After 48 hours of exposure to the MEBO regenerative nutrients, lung cancer cells manifested growth arrest and some cells showing morphology of cell death (Figure 10.3.1a). After prolonged exposure (>72 hours) virtually all cancer cells died in the culture (Figures 10.3.1b-c).
In contrast, in the presence of the MEBO regenerative nutrients normal lung fibroblasts proliferated vigorously and continued to do so to reach confluency by day 5 (Figures 10.3.1d-f).
To test the effects of the MEBO regenerative nutrients on normal cells in the presence of cancer cells, in vitro co-culture experiments were conducted in a culture containing both normal bone marrow cells (small cells) and human gastric cancer cells (larger cells).
The co-culture was grown in normal culture medium (Figure 10.2.1a) and then divided into two groups: a treatment group and a control group. The MEBO regenerative nutrients were added to the co-culture in treatment group while the co-culture in the control group was maintained without adding any supplemental materials. As shown in Figure 10.2.1b, after 4 days of exposure to the MEBO regenerative nutrients, the cancer cells in the treatment group not only stopped growing but also manifested morphology of cell death.

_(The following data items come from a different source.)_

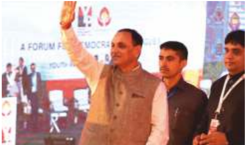
Shri Vijay Rupani Hon'ble Chief Minister, Gujarat
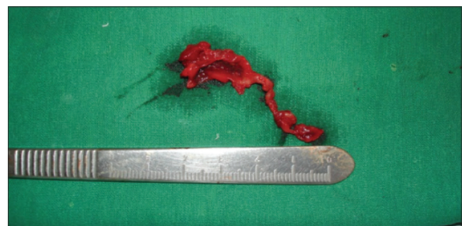
Figure 3: Specimen of enucleated cyst.
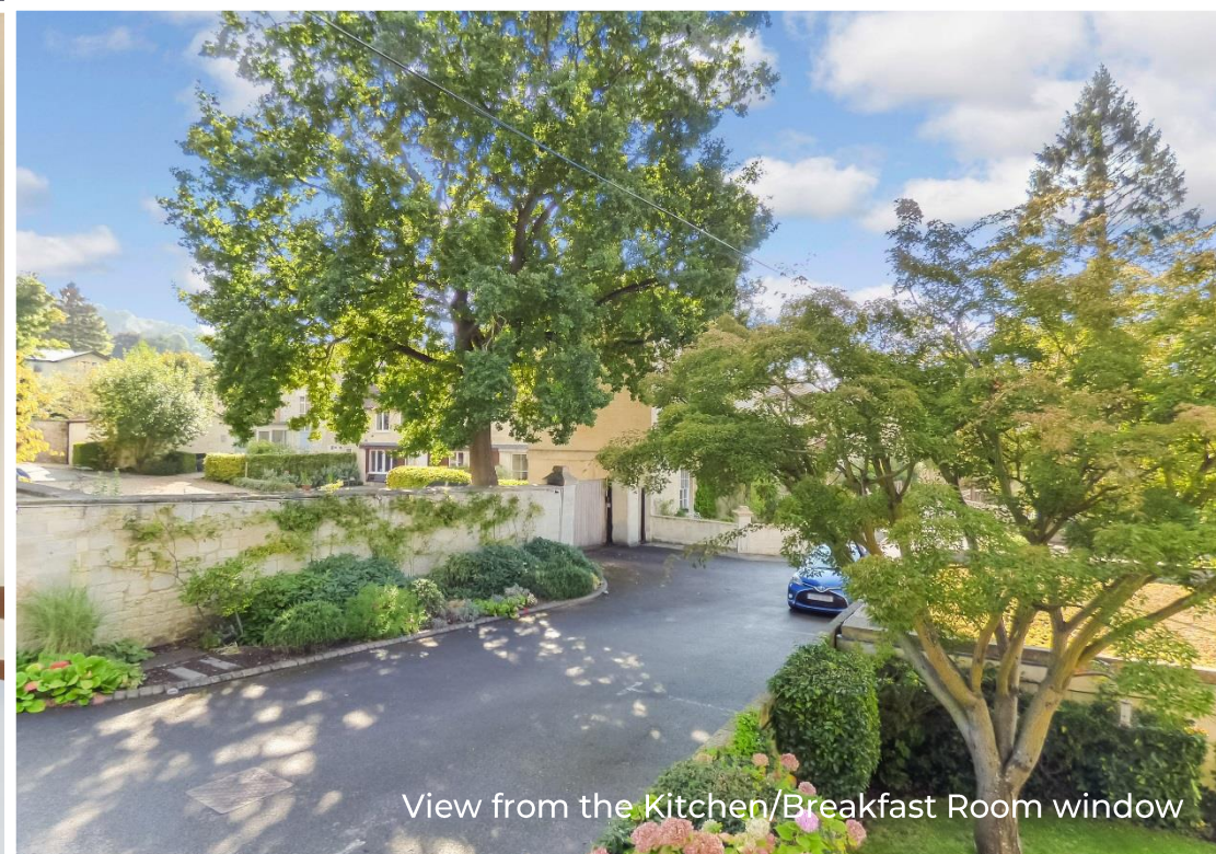
View from the Kitchen/Breakfast Room window
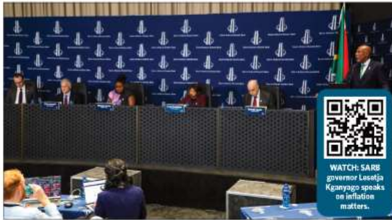
NEW NORM: South African Reserve Bank governor Lesetja Kganyago addresses the media while announcing a reduction in the repo rate by 25 basis points in that country this week, bringing it to 6.75%.

"To support communication and accountability, we therefore want it understood that inflation will not always be precisely 3%. When there are deviations, we will explain what has driven inflation away from target, and we will do what is required to get back to target," he said.

However, normal bone marrow cells in the treatment group not only survived but also proliferated vigorously. By day 7 virtually all cancer cells disappeared in the culture while the normal cells continued to proliferate (Figure 10.2.1c).
In comparison, in the absence of the MEBO nutrients by day 5 the cancer cells in the control group proliferated vigorously while the normal cells virtually disappeared in the culture (Figure 10.2.1d). By day 7, the cancer cells proliferated to reach confluency while no normal cells could be observed in the culture (Figure 10.2.1e).

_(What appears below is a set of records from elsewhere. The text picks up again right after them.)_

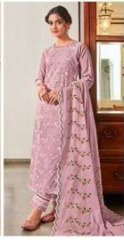
JEG | 7023
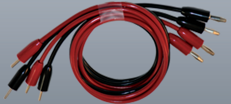
Soil Container Test Leads(4 FT) Item #37010
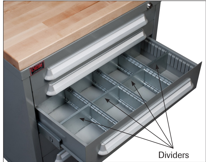
Divide a drawer into eight compartments by adding four dividers to three partitions.
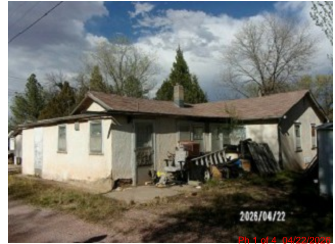
Front of house (on alley)

PN 75500-02600-005-00 Section Deeded Acres 0.000 Deed FALL RIVER COUNTY Township 07 Lot 5 Contract Range 5 Block 26 Address 242 S 16TH ST Loc. / Class Urban / Residential Map Area HS-College Hill(S) Abs Class D Route Number 2H2-313-05Z Plat Map Legal STEWARTS ADDN TO HOT SPRINGS: LOT 5, BLK 26
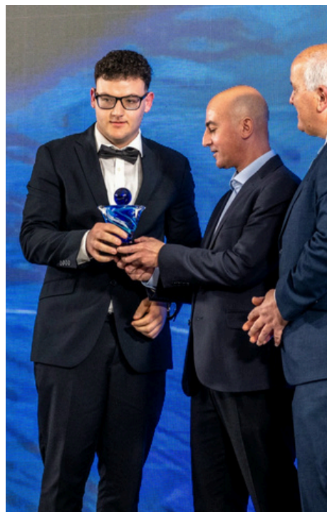
Young Worker of the Year Award
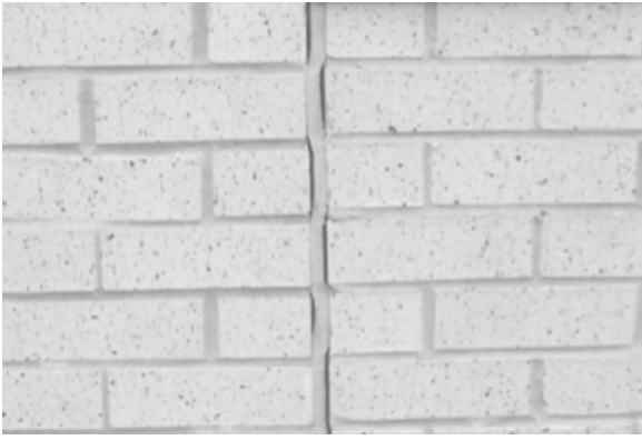
adhesion failure, n—in building construction , failure of the bond between a sealant and a substrate.

Discussion—This definition pertains to interfacial adhesion failure, a lack of bond at the interface between the materials. Interphasal adhesion failure, within the sealant or substrate near the interface, is less common and may appear to be interfacial without the use of magnification.
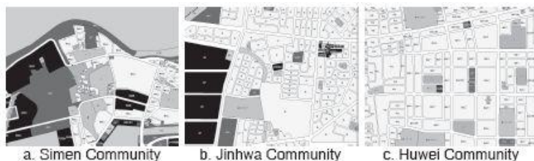
Figure 1: Site Map

Huwei is a relatively modern purely-residential neighborhood featuring 3-4 story row houses, some of which share a courtyard. Streets are laid out on a grid pattern, and main roads are 12-20 meters wide.

To test the effects of the MEBO regenerative nutrients on cancer cells, in vitro experiments were conducted in cultures containing typical cancer cell lines, including solid tumor cell lines, lymphoma and leukemia cell lines.
Typically, cancer cell lines were grown in normal culture medium and each cell line is divided into two groups: a treatment group and a control group. The MEBO regenerative nutrients were added to the cancer cell cultures in the treatment group while the cancer cell cultures in the control group were maintained without adding any supplemental materials. As shown in Figures 10.1.1-4, after 24 hours of exposure to the MEBO regenerative nutrients, solid tumor as well as leukemia cells in the treatment group manifested growth arrest with some cells showing the morphology of cell death. In comparison, the cancer cells in the control group proliferated at a normal rate and demonstrated normal cancer cell morphology. Prolonged exposure of the cancer cells (>48 hours) to the MEBO regenerative nutrients led to death of all cancer cells in the treatment group.
Interestingly, the MEBO regenerative nutrients also exert the same growth-arrest and cell-killing effects on transformed cells, such as an immortalized artery endothelial cell line (IMDC) and an immortalized kidney epithelial cell line (Vero-E6). As shown in Figures 10.1.5-6, after 24 hours of exposure to the MEBO regenerative nutrients, the transformed cells in the treatment group manifested growth arrest with some cells showing the morphology of cell death. In comparison, the transformed cells in the control group proliferated at a normal rate and demonstrated normal transformed cell morphology. Prolonged exposure of the transformed cells (>48 hours) to the MEBO regenerative nutrients led to death of all transformed cells in the treatment group.